Business wallet EU identity – what it means and how it works
The Business Wallet is the EU’s new identity solution for companies. It gives organizations a secure, verifiable way to prove who they are and to exchange trusted business information across borders. The initiative sits within the wider European Digital Identity Framework, and it is designed to reduce administrative work, simplify compliance, and make cross-border trade more efficient.
At its core, the Business Wallet acts as a digital identity layer for legal entities. Instead of paperwork, certificates, and scattered systems, businesses will be able to use a single wallet to authenticate, sign, verify roles, and share proofs with authorities, partners, and regulated platforms.
This marks a major shift in how companies identify themselves online — one that will affect onboarding, compliance processes, and supply-chain data exchange across the EU.
Why the EU is introducing a Business Wallet
The EU wants to tackle several long-standing problems:
Company identity checks still rely on manual procedures.
Verifying authorizations, mandates, and roles is slow.
For context on how digital identity maturity varies, see Partisia’s analysis of Singpass vs MitID.
What businesses will keep inside the wallet
A Business Wallet will hold:
Company registration details
Licenses and permits
Authorizations and mandates
Compliance certificates
Digital signatures
Verifiable credentials that replace PDFs and scanned documents
These items can be shared in a controlled and verifiable way, without exposing unnecessary information.
How the Business Wallet works
The system follows a simple workflow:
Issuer – an authority or trusted body issues a credential.
Holder – the company stores the credential inside its wallet.
Verifier – a bank, authority, or partner checks the credential with a cryptographic proof.
This process avoids manual checks and removes the uncertainty that comes with unsecured documents.
Link to the EU Digital Identity Wallet
The Business Wallet is built alongside the EU Digital Identity Wallet (EUDI Wallet) for citizens. Together, they form a unified trust layer for the EU’s digital economy.
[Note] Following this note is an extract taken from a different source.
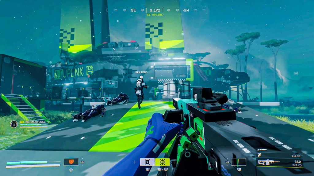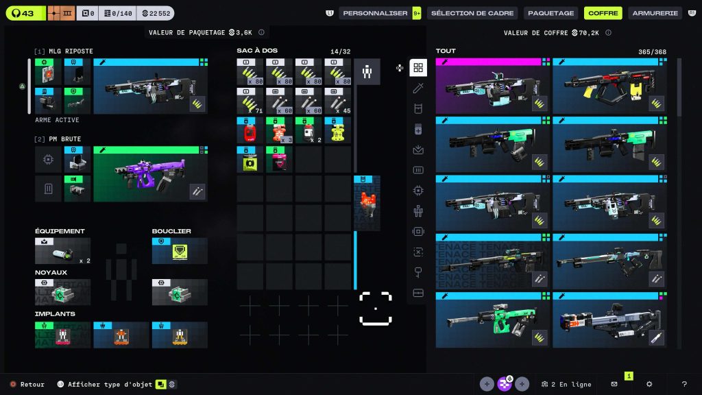 La profondeur du gameplay ne s’arrête pas à la sélection de votre Runner puisque la personnalisation va encore plus loin. Avant de vous déployer en partie, vous pouvez équiper jusqu’à 2 armes, un type de grenade, un bouclier, 2 noyaux et 3 implants et ces composantes font partie du « Buildcrafting » de votre Runner. Les Noyaux et les Implants contribuent à la profondeur du gameplay puisqu’il en existe une pléthore à looter dans le jeu, vous permettant de modifier les capacités de votre Runner et d’obtenir des bonus passifs. Le jeu intègre aussi une barre de Chaleur, qui remplace la barre d’endurance traditionnelle : courir, glisser, sauter, subir des dégâts environnementaux ou utiliser certaines compétences consomment de la Chaleur et une mauvaise gestion peut entraîner une Surchauffe, à tel point votre vision se brouille, vous ne pouvez plus utiliser de capacités, et vous subissez des dégâts continus sur votre armure jusqu’à ce que la chaleur retombe. Pour mieux gérer cela et comme de nombreuses capacités dans le jeu, vous pouvez débloquer des améliorations afin que la barre de Chaleur se remplisse beaucoup moins rapidement, tandis que des consommables peuvent aussi être utilisés pour améliorer l’endurance de votre Runner.

Many workflows will rely on both — for example, a director using a personal EUDI wallet to act on behalf of a company via the Business Wallet.
The Europe Commission is already taking the necessary steps to realise this strong potential and has made it one of its highest priorities to ensure such business wallets at a European level. In fact, they both made it a flagship action as part of EU’s competitive compass from January 2025 and part of the EU Commission's work program. The motivation for this may be related to the reported 2 trillion euro loss in annual global economic value from lost productivity and revenue opportunities.
What's inside?
A Technical Solution
Practical use cases for a Business Wallet
The European Business Wallet (EUBW)
and more...
Business Wallet use cases
- Cross-border onboarding
Banks, regulators, and platforms will be able to verify companies instantly and securely.
- Procurement and tendering
Authorities can request trusted credentials rather than checking scattered documents.
- Contracts and signatures
Roles and mandates can be proven inside the wallet before signing.
- Supply-chain data exchange
Credentials can verify documentation tied to the Digital Product Passport (DPP) and environmental reporting.
- Compliance automation
Verified, digitally signed credentials reduce risk and shorten audit cycles.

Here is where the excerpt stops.